[[ Material for the task open ]]

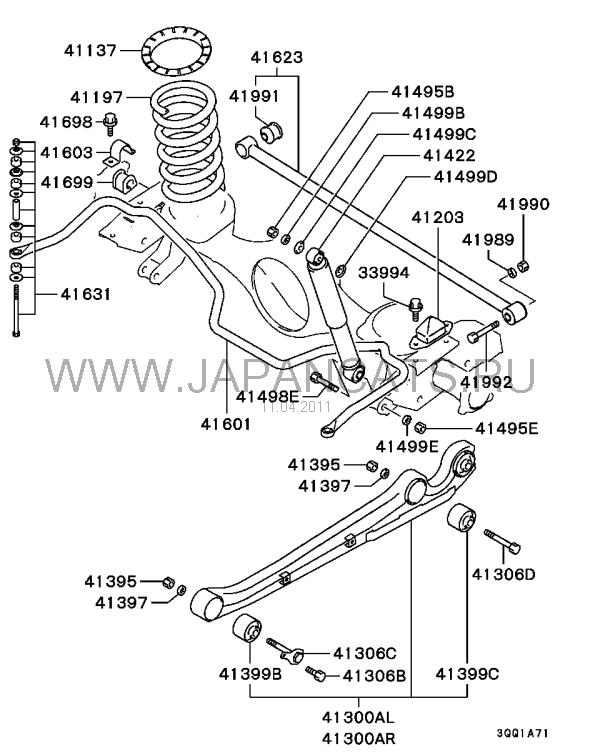 Вопрос к уважаемым форумчанам: назрела проблема замены сайлентблоков задних продольных рычагов. В сервисе на диагностике сказали, что средние и задние сайленты под замену. А exist выдает, что меняется только средний с кодом MR267105, а задний только в сборе с тягой. И что еще не совсем понятно, что тотже exist говорит о 4 подобных сайлентах, тоесть вроде бы и задний тоже можно поменять или я ошибаюсь?
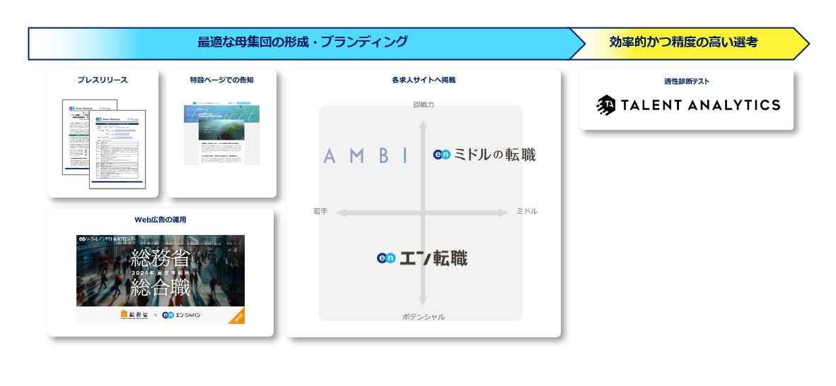 プレスリリースや特設ページ、Web広告での告知に加え、各求人サイトでの集客サポートを実施いたします。『エン転職』『AMBI』『ミドルの転職』とターゲットの異なる3つの求人サイトを活用することで、ターゲットへ網羅的に求人を届けます。さらに適性診断テスト『Talent Analytics』も提供。選考フローの支援を通じて、求職者と同省の最良なマッチングを実施します。
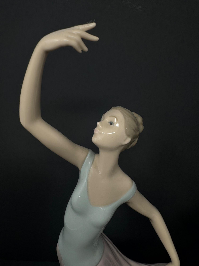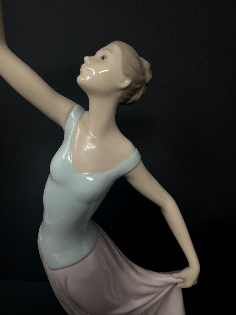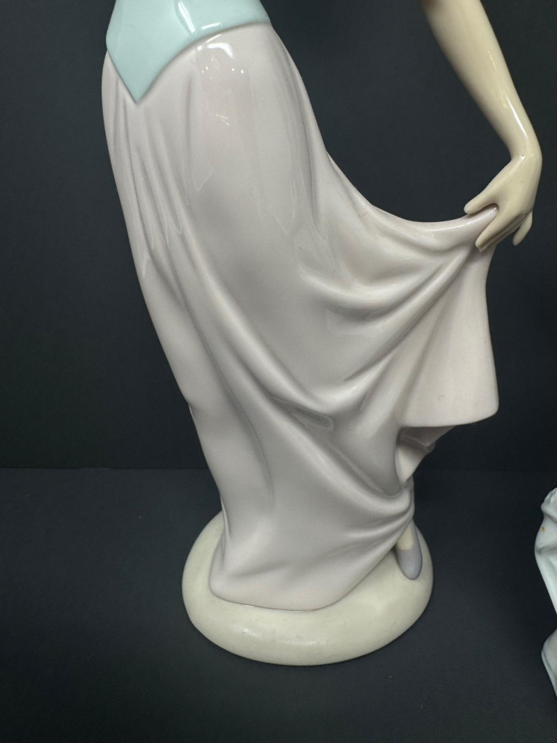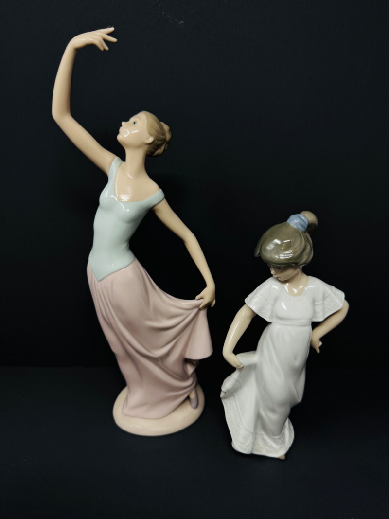 NAO Lladro Figurines: 'The Dance Is Over' (1994) & 'How Pretty' (1989). 9-13.5”
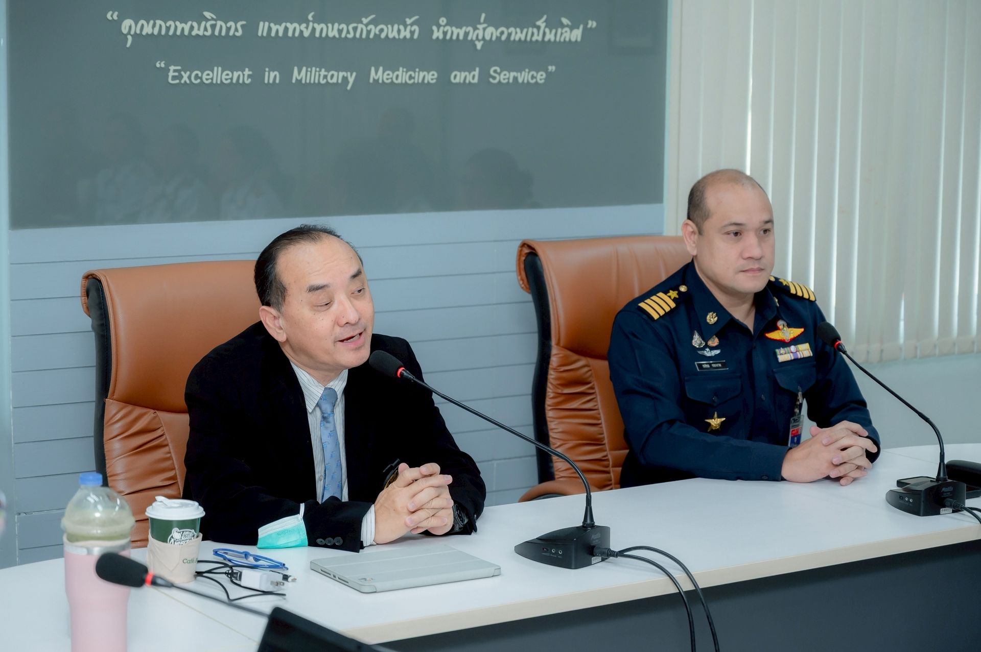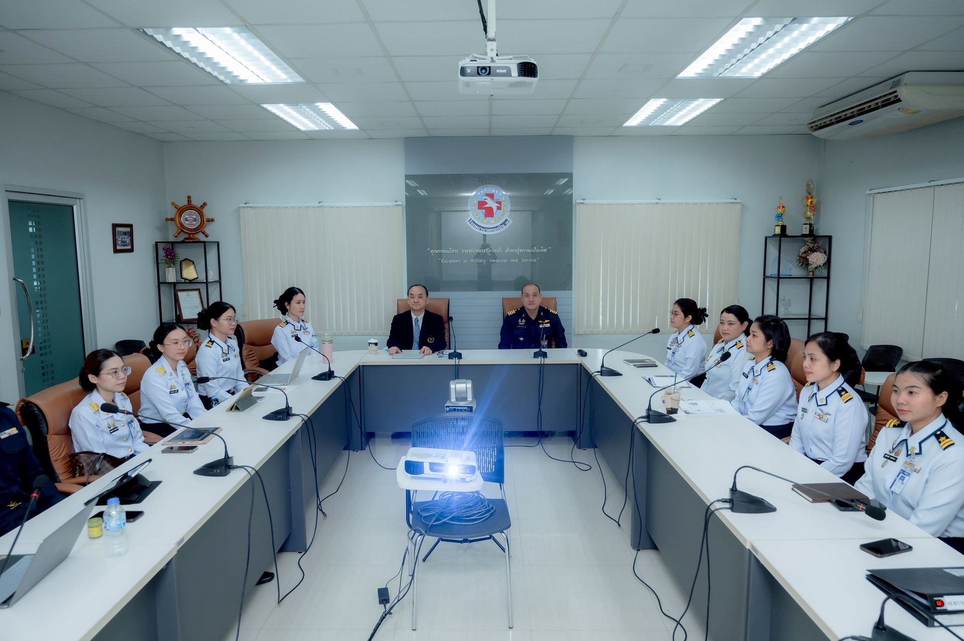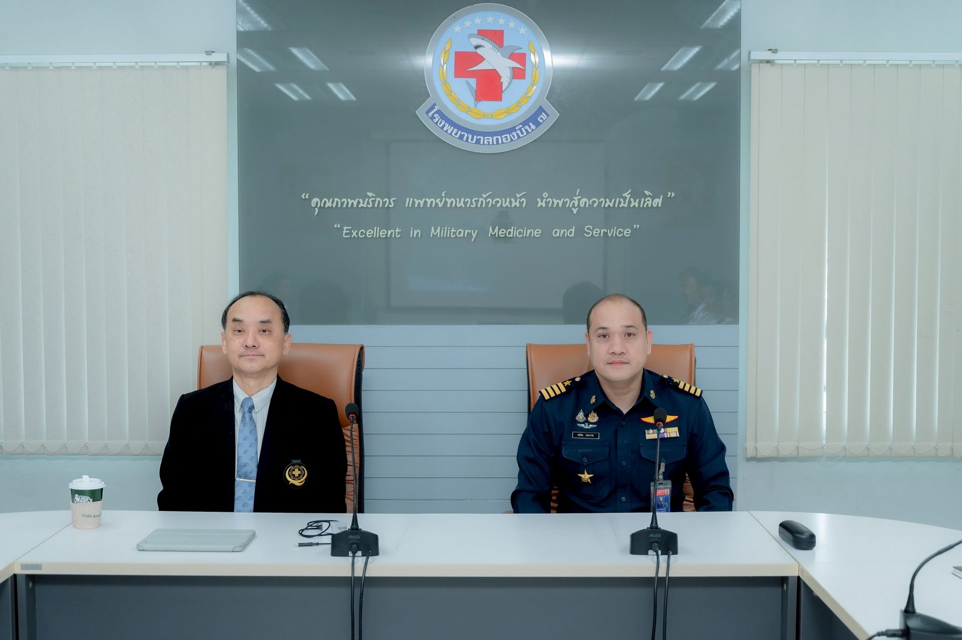 โ โอกาสนี้ นาวาอากาศเอก ศุภวัจน์ จิตรมนตรี ผู้บังคับการกองบิน ๗ มอบหมายให้ นาวาอากาศเอก ทศพล ทองงาม ประจำกองบิน ๗ และรักษาราชการผู้อำนวยการโรงพยาบาลกองบิน กองบิน ๗ ร่วมให้การต้อนรับฯ และรับฟังการบรรยายสรุป เมื่อวันที่ ๘ กันยายน พ.ศ.๒๕๖๘ ณ ห้องประชุม โรงพยาบาลกองบิน กองบิน ๗ ตำบลมะลวน อำเภอพุนพิน จังหวัดสุราษฎร์ธานี
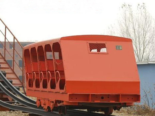 XRC8型插轨式斜井人车适用于倾斜角不大于30度的斜井中,此型号人车用于绞车牵引,在斜井中安全可靠地运送工作人员。此型号人车可以单独头车使用,还可以由头车、挂车、尾车组列运行,多可以组列成4节为一列运行。
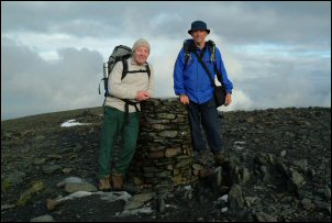 | I stopped briefly with Eric to pose for a group of two photo by the direction marker before continuing north and starting the descent. Just before Bakestall there is an old ruined bield, which we used for our lunch stop. There was still no wind so sitting there was quite pleasant as we discussed the contents of our sandwiches. We reached the Skiddaw House access track at Whitewater Dash waterfalls. Some recent stoning and drainage works had been done on the upper part of the track but as we descended it reverted to the original surface which lower down is still quite good. The rest of the way back to the road was easy and very pleasant walking. |
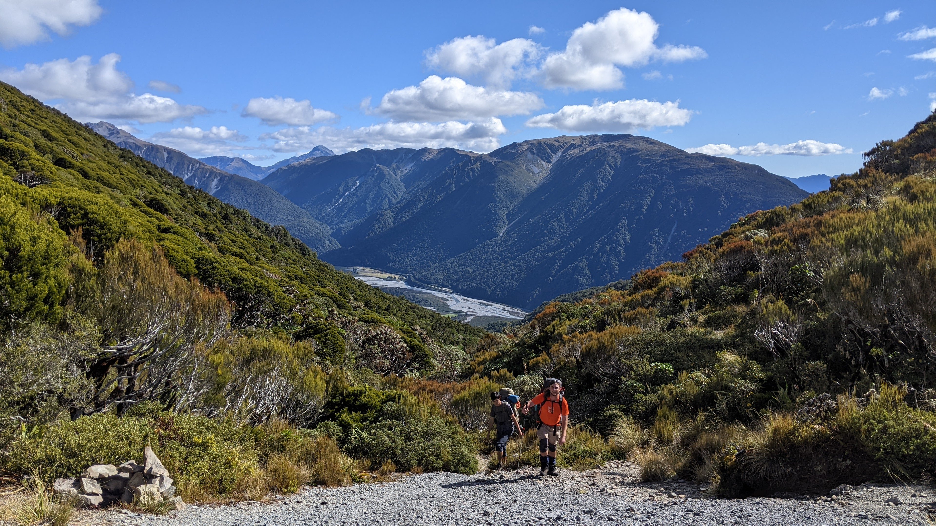 ( Medium route is red via Lake Kaurapataka, Hard route is blue via Pfeifer Biv)
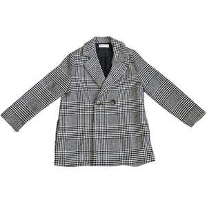 This classic boy's coat is a timeless wardrobe staple that will keep your little one cozy and stylish all season long. The sophisticated double-breasted design features a classic plaid pattern in shades of black and white for a sophisticated yet youthful look. The tailored fit ensures a polished look, while the long sleeves and mid-length cut offer a versatile fit suitable for various occasions.
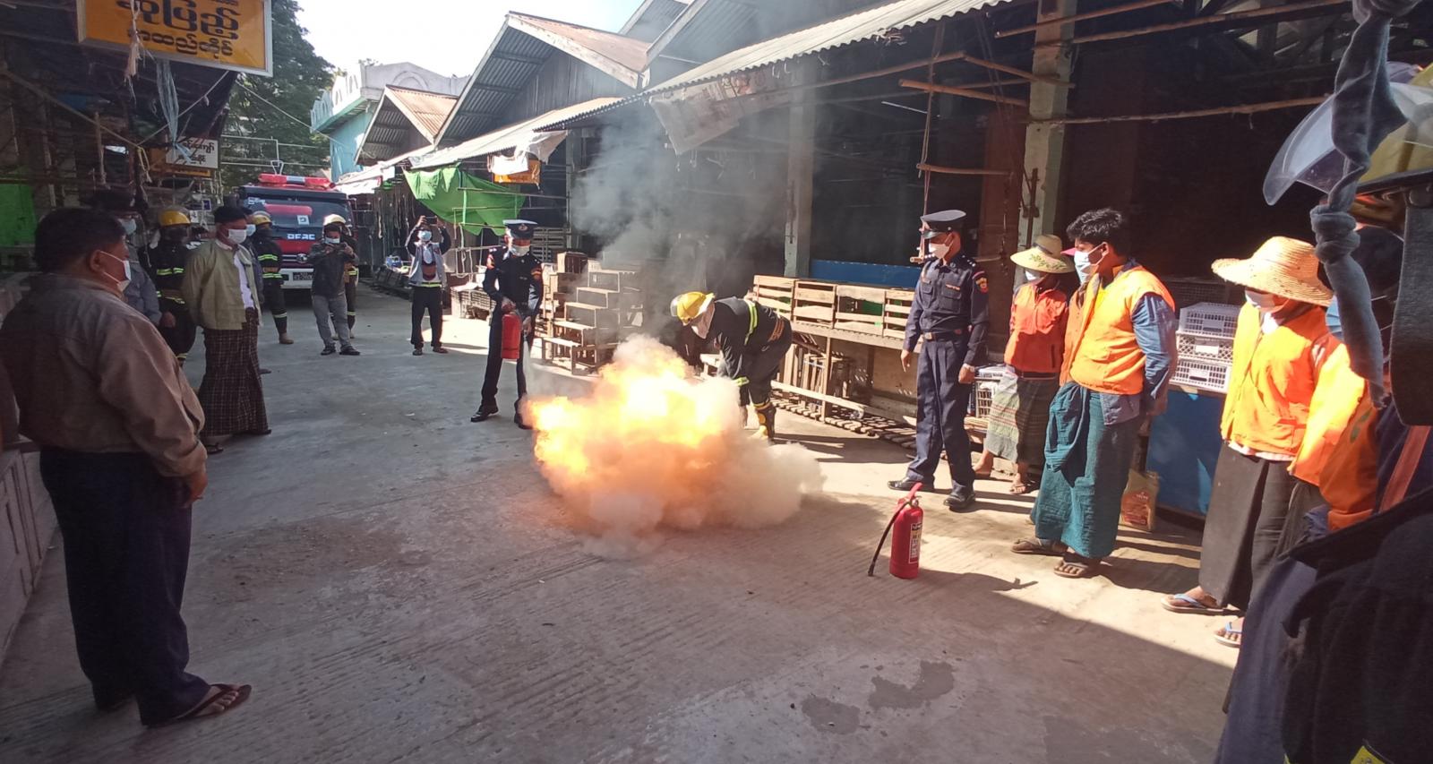 ယခုကဲ့သို့ ဈေးသူဈေးသားများကို လက်တွေ့မီးငြိမ်းသတ်ခြင်းပြသပေးခြင်းဖြစ်ကြောင်း၊ မီးငြိမ်းသတ်ရာတွင် ဆီမီးလောင်ခြင်းကို ရေစိုအဝတ်ဖြင့်ဖုံး အုပ်ငြိမ်းသတ်ခြင်း၊ မီးသတ် ဆေးဘူးကို ကျွမ်းကျင်စွာကိုင်တွယ်ငြိမ်းသတ်နိုင်ရေးတို့အတွက် မြို့နယ်မီးသတ်တပ်ဖွဲ့များ၊ သန္ဓေတပ်ဖွဲ့ ဝင်များပူးပေါင်း ဆောင်ရွက်ခြင်းဖြစ်ကြောင်း၊ ယင်းအပြင်မီးသတ် ရေယာဉ်များဖြင့်လက်တွေ့ မီးငြိမ်းသတ်ခြင်းကိုလည်း လက်တွေ့ပြသပေးခဲ့ကြောင်း ၊ မြို့နယ် မီးသတ်ဦးစီးမှူး ဦးကျော်ကျော်ဦးထံမှသိရှိရသည်။
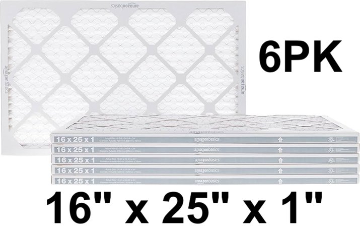 6PK amazon basics merv 5 ac furnace air filters - 16" x 25" x 1" - white

[[ Material for the task closed ]]

Only these lines belong in the answer: the first line of the listing above through the line holding "プレスリリースや特設ページ、", printed exactly and without pictures.

# Task response:
 Вопрос к уважаемым форумчанам: назрела проблема замены сайлентблоков задних продольных рычагов. В сервисе на диагностике сказали, что средние и задние сайленты под замену. А exist выдает, что меняется только средний с кодом MR267105, а задний только в сборе с тягой. И что еще не совсем понятно, что тотже exist говорит о 4 подобных сайлентах, тоесть вроде бы и задний тоже можно поменять или я ошибаюсь?
 プレスリリースや特設ページ、Web広告での告知に加え、各求人サイトでの集客サポートを実施いたします。『エン転職』『AMBI』『ミドルの転職』とターゲットの異なる3つの求人サイトを活用することで、ターゲットへ網羅的に求人を届けます。さらに適性診断テスト『Talent Analytics』も提供。選考フローの支援を通じて、求職者と同省の最良なマッチングを実施します。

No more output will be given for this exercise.